SOURCE MATERIAL>
⁂
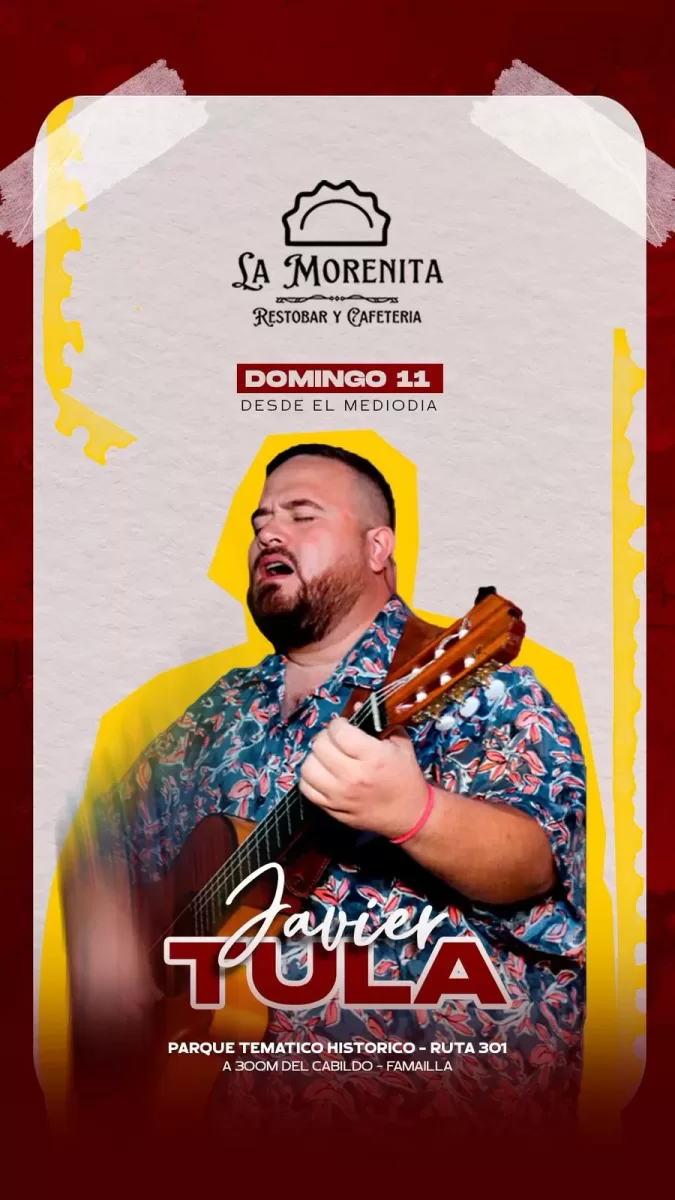 La Morenita Restobar y Cafetería prepara un fin de semana con música en vivo y opciones gastronómicas para quienes elijan salir en Famaillá. El local, ubicado en el Parque Temático Histórico sobre Ruta 301, tendrá espectáculos tanto el sábado como el domingo, acompañados por su carta habitual de parrilla y platos regionales.
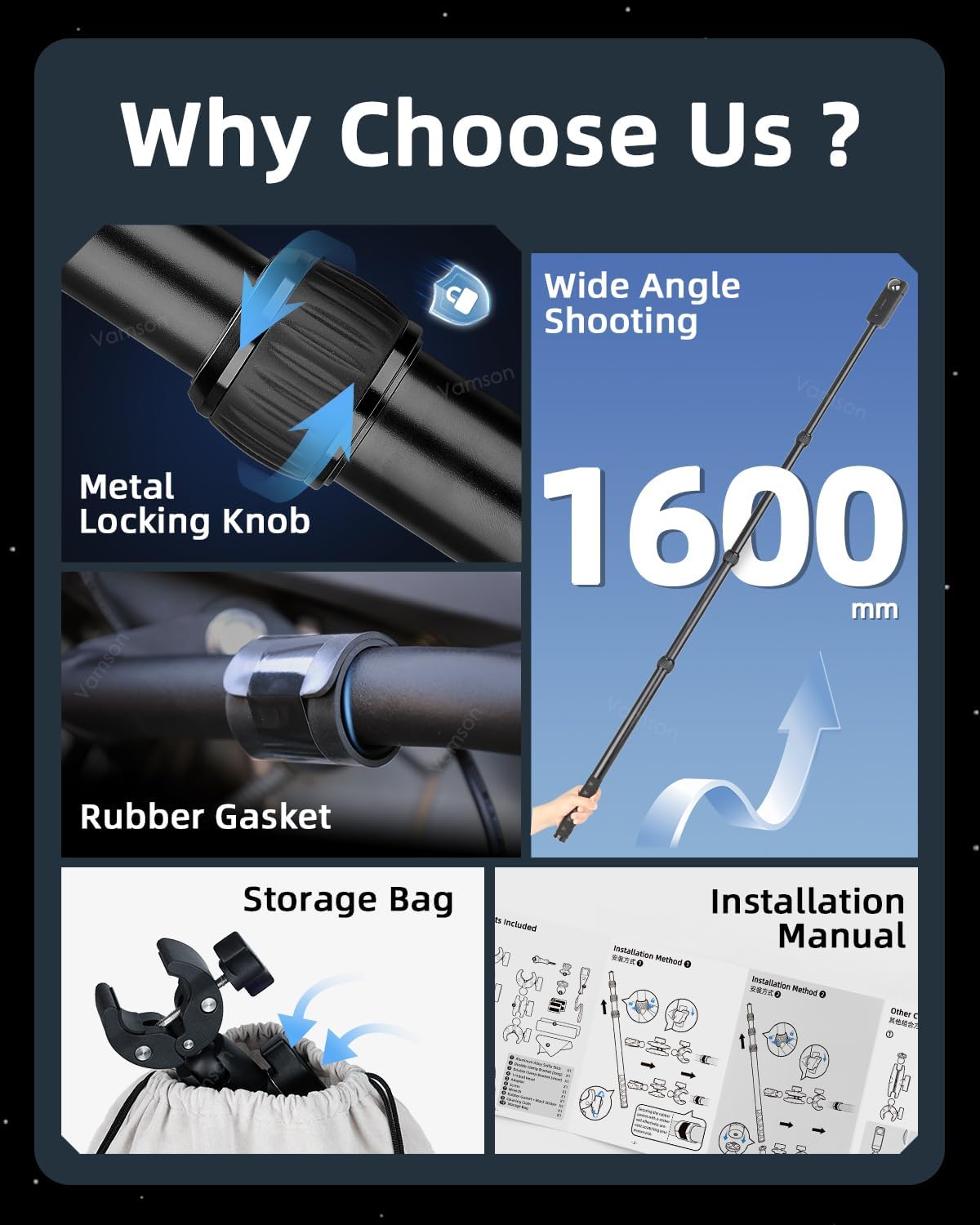 | BuiltIn Media | Aluminum Alloy Invisible Selfie Stick, Double Clamp Bracket |
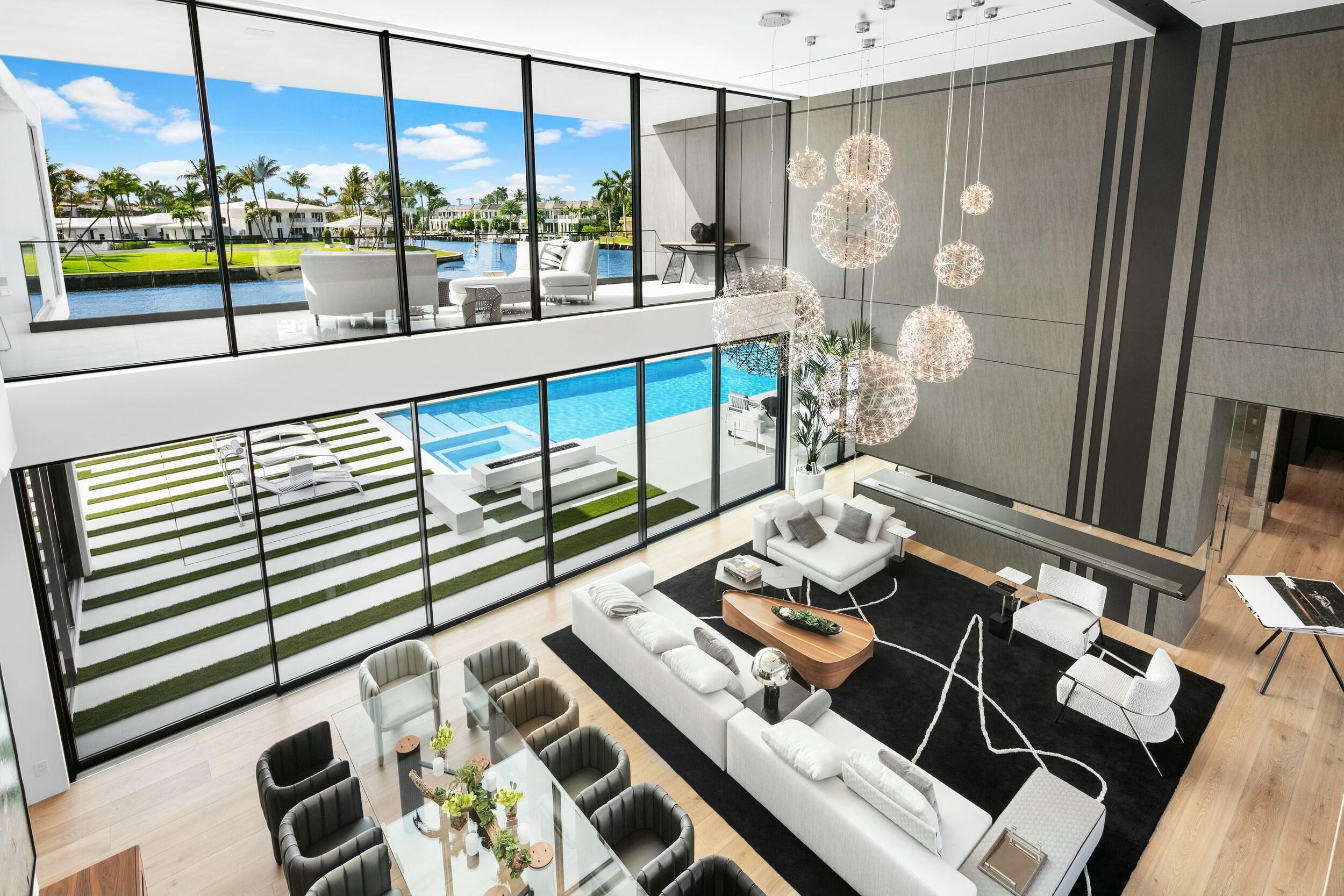 2633 Spanish River Road stands as a true trophy waterfront compound in Boca Raton's prestigious Estate Section--a residence of rare iconic stature. Featured on CNBC and Mansion Global, this award-winning architectural masterpiece is a one-of-a-kind ''celebrity home'' that sets the standard for South Florida luxury living.Nestled in an exclusive enclave on a barrier island between the Intracoastal Waterway and the Atlantic Ocean, this waterfront mansion dazzles with architectural originality, exquisite craftsmanship, and artful splendor. Boasting 125 feet of prime Intracoastal frontage, the estate captures the drama of endless water views, brilliant South Florida sunrises, and sunsets.A visionary tour de force by Studio Khora, the evolution of Rex Nichols Architects, this home spans nearly 10,000 square feet of interiors (over 14,000 total), realized by Anthony Routhier of Cavadium Construction. Its soaring two-story design features walls of glass that dissolve boundaries between indoors and out, complemented by waterfalls, brise soleil screens, and exotic wood details for an architectural poetry of light, texture, and form. Commercial-grade strength is concealed within its artistry, supported by 155 concrete piles. The sophisticated interior includes six bedrooms, eight full baths (with separate primary baths), an office, a media room, and a glass elevator. Dramatic lighting and double-height ceilings enhance the grandeur of the first-floor living area overlooking the water. European white oak flooring, bespoke Neff cabinets, and state-of-the-art appliances add warmth and elegance to the spacious chef's kitchen. The seamless splendor extends outdoors, clad in white and built for entertaining, with highlights including a heated infinity-edge pool and spa, a cabana, and a full summer kitchen. Positioned at the nexus of Boca's most desirable destinations, this residence is just minutes from premier shopping, dining, and social scenes, including the famed Boca Raton Resort and Beach Club. For car aficionados and visionaries alike, a rare secondary dry lot across the street offers boundless potential: a guest villa, private car gallery, wellness retreat, or bespoke "man cave." Offered separately, it transforms this opportunity into an extraordinary compound acquisition of privacy, versatility, and distinction. Step into 2633 Spanish River Road, a sanctuary of privilege and prestige. In Boca Raton's illustrious Estate Section, this contemporary masterpiece defies convention and elevates luxury to an art form.
⁂
TASK DETAILS>
Please write out only the material above, exactly, from its first line through the line that contains "Clamp Bracket |", and include no pictures.

RESPONSE BELOW>
 La Morenita Restobar y Cafetería prepara un fin de semana con música en vivo y opciones gastronómicas para quienes elijan salir en Famaillá. El local, ubicado en el Parque Temático Histórico sobre Ruta 301, tendrá espectáculos tanto el sábado como el domingo, acompañados por su carta habitual de parrilla y platos regionales.
 | BuiltIn Media | Aluminum Alloy Invisible Selfie Stick, Double Clamp Bracket |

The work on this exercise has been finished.